Here’s some code that does just that using Node.js:

var MongoDB = require('mongodb');

// To track the oplog we need the oplog URL
oplogurl = 'mongodb://<user>:<password>@candidate.11.mongolayer.com:10240,candidate.0.mongolayer.com:10240/local?authSource=wiktory'

// Open the connection to the database
MongoDB.MongoClient.connect(oplogurl, function(err, db) {  
  // Get to oplog collection
  db.collection("oplog.rs", function(err, oplog) {
    // Find the highest timestamp
    oplog.find({}, {
      ts: 1
    }).sort({
      $natural: -1
    }).limit(1).toArray(function(err, data) {
      lastOplogTime = data[0].ts;
      // If there isn't one found, get one from the local clock
      if (lastOplogTime) {
        queryForTime = {
          $gt: lastOplogTime
        };
      } else {
        tstamp = new MongoDB.Timestamp(0, Math.floor(new Date().getTime() / 1000))
        queryForTime = {
          $gt: tstamp
        };
      }
      // Create a cursor for tailing and set it to await data
      cursor = oplog.find({
        ts: queryForTime
      }, {
        tailable: true,
        awaitdata: true,
        oplogReplay: true,
        numberOfRetries: -1
      });
      // Wrap that cursor in a Node Stream
      stream = cursor.stream();

      // And when data arrives at that stream, print it out
      stream.on('data', function(oplogdoc) {
        console.log(oplogdoc);
      });
    });
  });
});

Now, this code is bare-bones and has been put together to show what happens behind the scenes in an oplog tailing application. The oplogurl variable is the critical part of this program.

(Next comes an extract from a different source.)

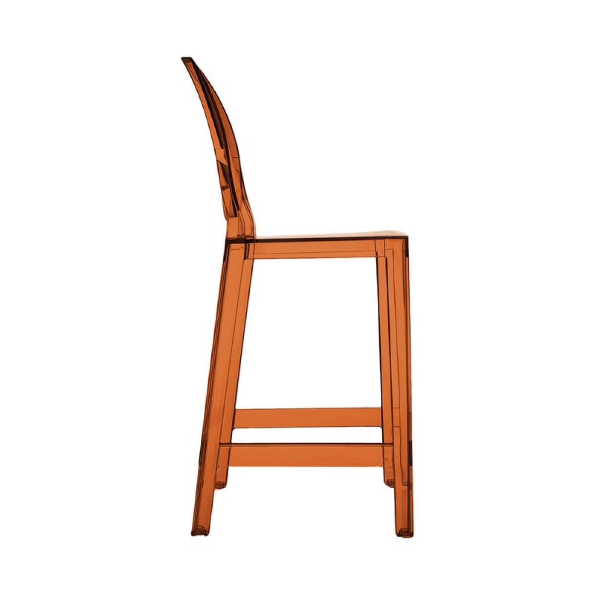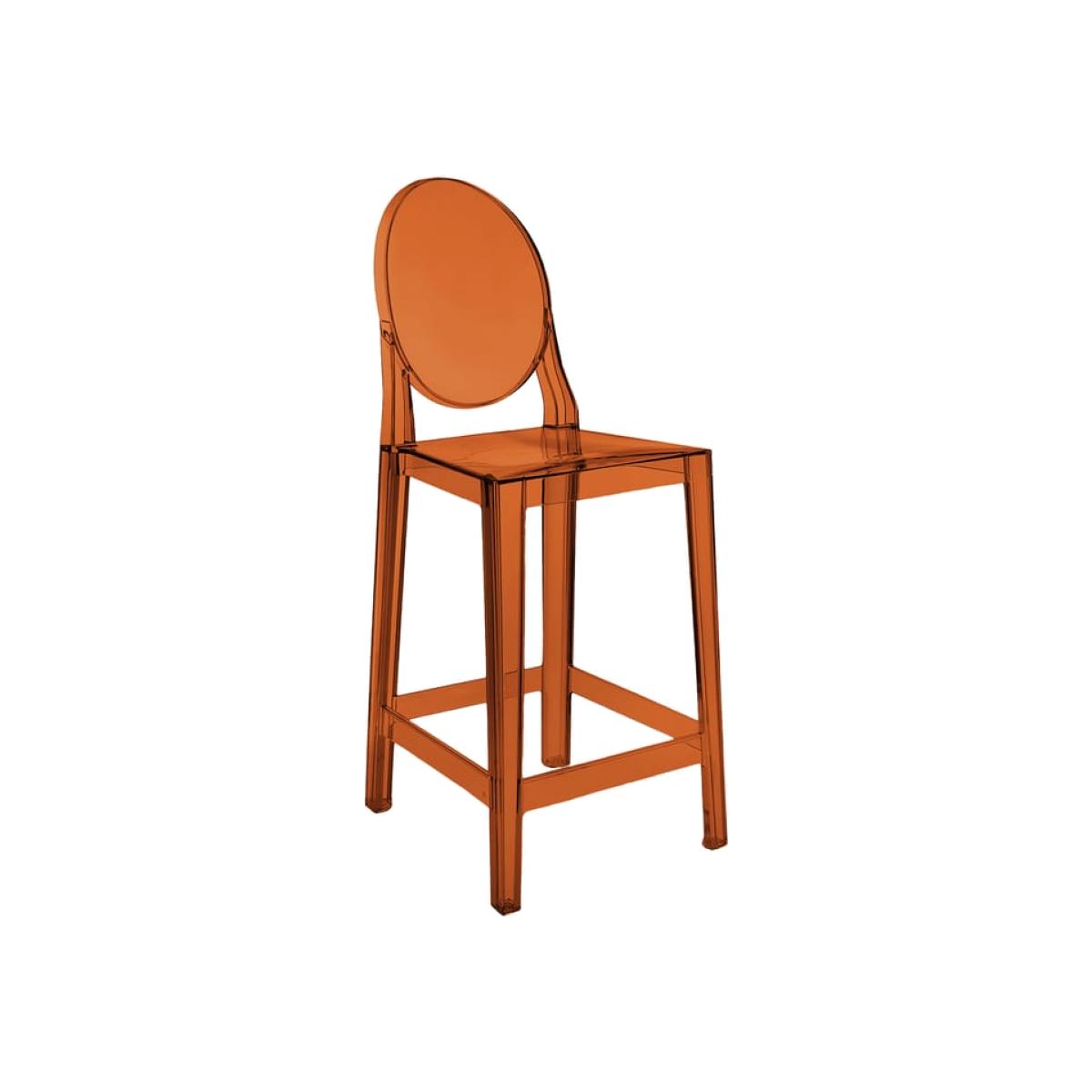 Timeless elegance by Philippe StarckWhen design plays with humor and classic heritage, the result is as unexpected as it is seductive. Designed by Philippe Starck for Kartell, the One More bar chair extends the world of the famous Victoria Ghost with its slender silhouette, medallion back and light, airy look. Made from transparent or solution-dyed polycarbonate, this iconic piece combines aesthetics and functionality. Its resistant structure, perfectly suited to both indoor and outdoor use, makes it ideal for punctuating a kitchen island, a hotel bar or an elegant terrace. Thanks to its wrap-around backrest, One More ensures long-lasting seating comfort, while adding a touch of graphic sophistication. Available in two heights (65 or 75 cm) and in a subtle palette of colors, it blends harmoniously with the most minimalist decors as well as revisited classic interiors. Why choose the One More Bar chair? - Design by Philippe Starck for Kartell - Rounded backrest inspired by medallion chairs - Ultra-resistant material: Molded polycarbonate - Suitable for indoor and outdoor use Add a touch of refined audacity to your interior with One More: a sculptural, convivial and resolutely contemporary Bar chair. In detail: Variation : Amber Brand : Kartell Designer : Philippe Starck Type :Bar chair Colour : Amber Material : Polycarbonate Dimensions :W 37.5 x D 51 cm x H 104 cm - Seat : H 65 cm Weight : 10.78 lb Characteristics : Made in Italy - Creation date: 2012 - For indoors and outdoors Country of Manufacture : Italy Show less

It uses the Replica Set URI which you can get from the database's Admin dashboard:

mongodb://<user>:<password>@candidate.11.mongolayer.com:10240,candidate.0.mongolayer.com:10240/wiktory  

But rather than ending with the database name, after the last / insert local?authSource= to get

mongodb://<user>:<password>@candidate.11.mongolayer.com:10240,candidate.0.mongolayer.com:10240/local?authSource=wiktory  

This change tells the connecting application to connect to the "local" database but authenticate with the "wiktory" database. This is a common pattern with oplog tailing applications and is a more direct way of doing what we did earlier in this article – logging into the database and then switching to use the "local" database.

The drawback with this code is that everything happening in the oplog – every operation on every collection – will be dumped to the console. To make sense of the oplog and to work with maintainable code we'll want to use a library or framework. In the next part of this series, we will look at some for Node.js and other platforms.